# Tooting my horn



## chrose (Nov 20, 2000)

Once upon a time I had a web site and a small business both went down the crapper 
I still have plans though for the latter. Now with the revamping of Cheftalk and the ability to post a picture, I just wanted to post a picture or 2 showing how I got my nickname of Chrose.

Go here:
http://www.cheftalk.com/HTML/chrose.html


----------



## cape chef (Jul 31, 2000)

Chrose,

I can't see the pictures,
But they must be good because my computer belched when i opened the thread:bounce: 
No kidding
cc


----------



## momoreg (Mar 4, 2000)

Mine made a weird sound too!!



This looks like a job for our fearless leader!


----------



## chrose (Nov 20, 2000)

That's odd. They were there last night. I have an idea. Let me try this.

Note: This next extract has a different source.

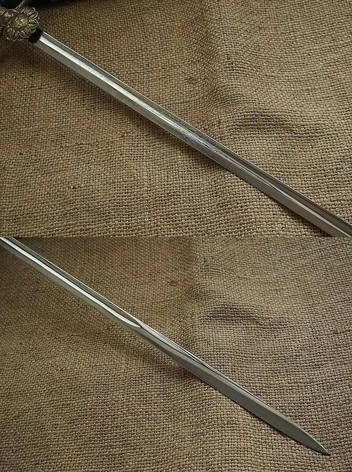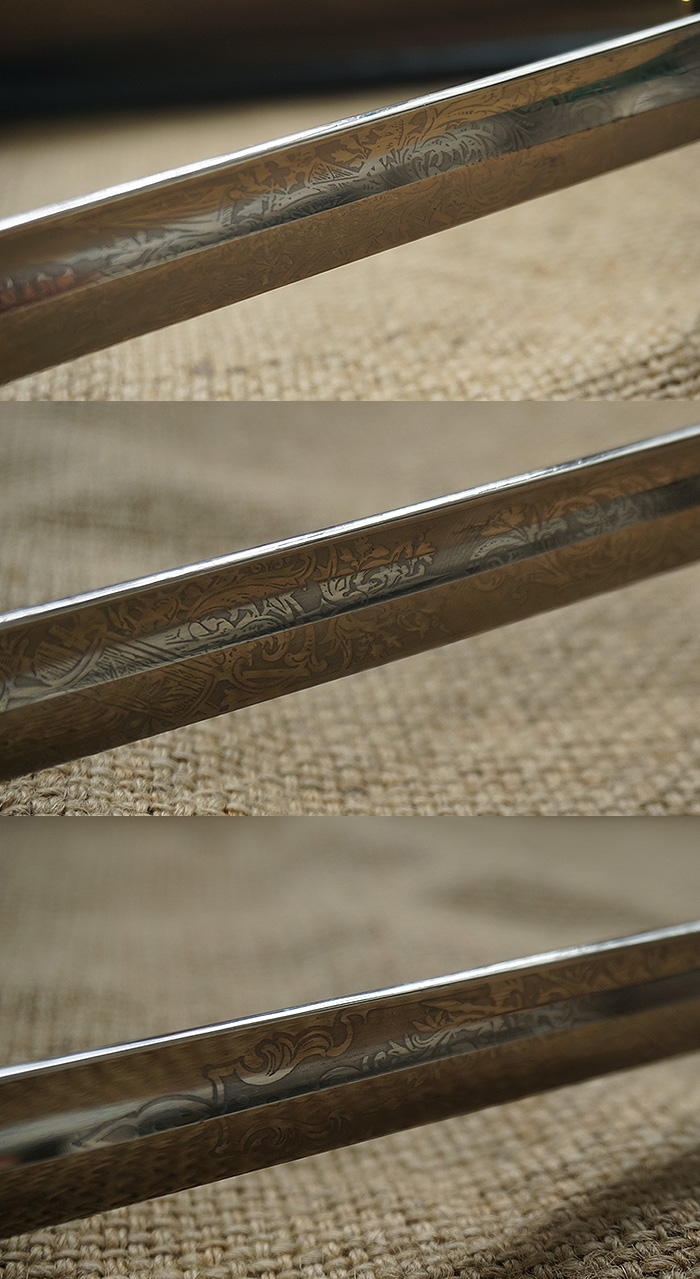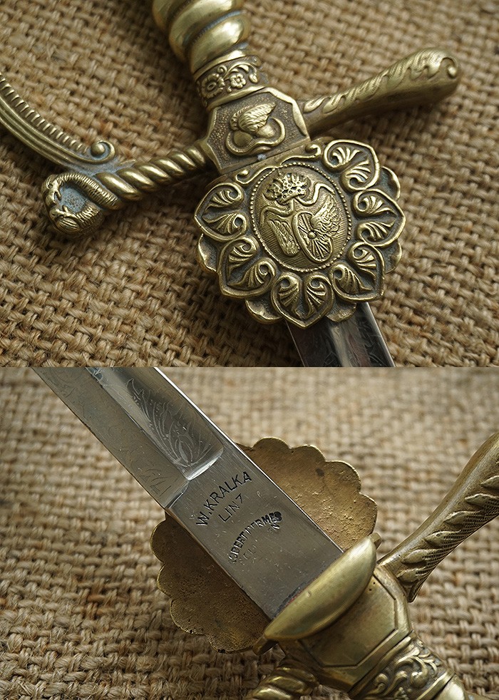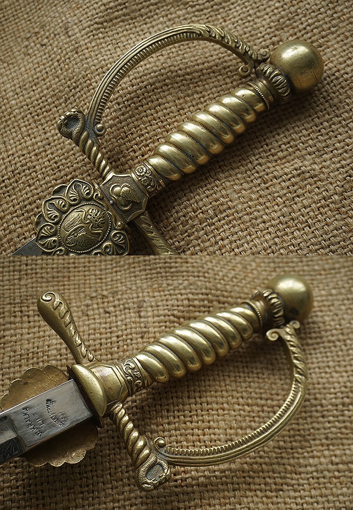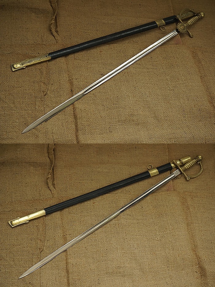 总长98CM,全品相刀身带刻花,手柄、护手及剑身上的装饰全部是黄铜材质。其中护手装饰带“双翼飞轮”标志,代表铁路为帝国提速,柄末圆形设计代表地球仪,寓意帝国铁路线未来将横跨贯穿世界各大洲。刀鞘上的构件装饰图案都是带轨道的“飞轮”标志,鞘身由皮革包裹铁鞘,末端黄铜构件少许磕碰,整体手感非常沉重。

I have set up a small page on ChefTalk Chrose's pictures. They were very large so please go to this link:

http://www.cheftalk.com/HTML/chrose.html

_This was edited by Nicko. The images was very large so I have placed links to them. Just click on the link to see the image._


----------



## chrose (Nov 20, 2000)

I think I may know why this didn't work. If I am correct I will fix the thread tonight when I get home.

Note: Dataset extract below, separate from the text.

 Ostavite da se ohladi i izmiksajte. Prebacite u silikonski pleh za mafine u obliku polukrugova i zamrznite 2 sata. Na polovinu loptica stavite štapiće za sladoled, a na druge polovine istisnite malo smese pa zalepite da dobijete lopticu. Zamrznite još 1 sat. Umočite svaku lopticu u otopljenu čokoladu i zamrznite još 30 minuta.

It will be worth the effort I'm sure


----------



## nicko (Oct 5, 2001)

Chrose,

If you need help posting the pictures let me know. I noticed that the path was point to the A: drive which is probably why it was showing up on your computer. Most likely you had the images on a floppy disk in your A: drive and so when the browser sees the path A:// it will look on your A drive (or floppy disk drive). You need to have them somewhere on the web so they will show up properly. Email them to me and I will post them.


----------



## chrose (Nov 20, 2000)

Bingo my thoughts exactly!

I assume this means then that even if they are on my hard drive, without a web site hosting they wont show. Correct?
If that's the case I may already have a host. Uh oh! When my PC Crashed I may have lost that info. Ok maybe I'll e-mail them to you.


----------



## shroomgirl (Aug 11, 2000)

I think I got lost somewhere....isn't chrose (chocolate rose)? Your site is hockey?


----------



## marzoli (Nov 17, 2000)

Your hocky pix are cool.


----------



## panini (Jul 28, 2001)

Mine worked fine.
Any team cards?
I've been in the Stars Club here in Dallas after a game and had no idea! The players drank us under the table!
Panini


----------



## nicko (Oct 5, 2001)

Hey if you want to see Chrose's pics go to this link:

http://www.cheftalk.com/HTML/chrose.html


----------